We control nothing but our destiny

Published 12:00 am Friday, October 3, 2003

The older - and hopefully, wiser - I get the more thinking I do. Funny, the things you think about as you age. I spend a good part of my time reflecting. Ever stop to ponder what is really important in life? And how weak we mortals are?

I happened to be on a dove shoot recently in west Dallas County held for the Marion Military Institute Alumni Battalion. Many alumni in attendance were classmates of mine at that storied institution some 45 years ago. Some of us got to talking about lost cemetaries in the Dallas and Perry County regions of Alabama's Black Belt and the "people" who inhabit them. Some of these cemetaries are totally unkept with pine trees growing up in them.
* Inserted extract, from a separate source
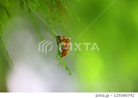 木の葉に残されたセミの抜け殻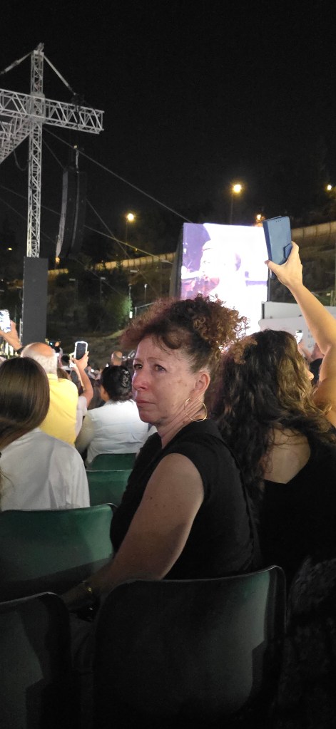 Woman crying over fate of the murdered, the fallen and the hostages while she surveyed her fellow countrymen raising their arms at a Hanan Ben Ari concert, that they have suffered deeply in the 2023-4 Hamas war.

But many of those who are buried in those cemetaries were the powerful and mighty of that day circa 1850! Their cotton bales sold at a very profitable price were loaded aboard paddle wheel steamboats at Old Cahaba (Alabama's capitol) on the Alabama River, shipped to New Orleans and then to France. The plantation owners lived "high on the hog." Then, bam! On April 12, 1861 at 4:30 a.m., the South fired the "first shot" over Fort Sumter; and the Civil War was on.

In just a few years, the plantation owners in the South were penniless; and Old Cahaba was no more. Indeed, one of the large brick cotton storage warehouses at Old Cahaba was converted into a federal prison during the war. Several thousand Yankee prisoners of war were herded into it. Many of them died, especially of disease.

There are several cemetaries at Old Cahaba. In one, Confederate and Yankee troops are buried side by side. How ironic. They tried - and did - kill each other only to be buried in the same "bunk bed" so to speak.

I have a theory. When we are young, we think that we can change the world. When we get old, we realize - at least I do - that God controls everything, and we should let Him steer the boat! In actually, we humans control nothing except our destiny. Oh, yes. We can create disasters like the Civil War, but we cannot determine the outcome. But, our Lord and Savior Jesus Christ has given us the opportunity to make a choice as to where we will spend eternal life. If we make the right choice it really does not matter where we are buried. Does it?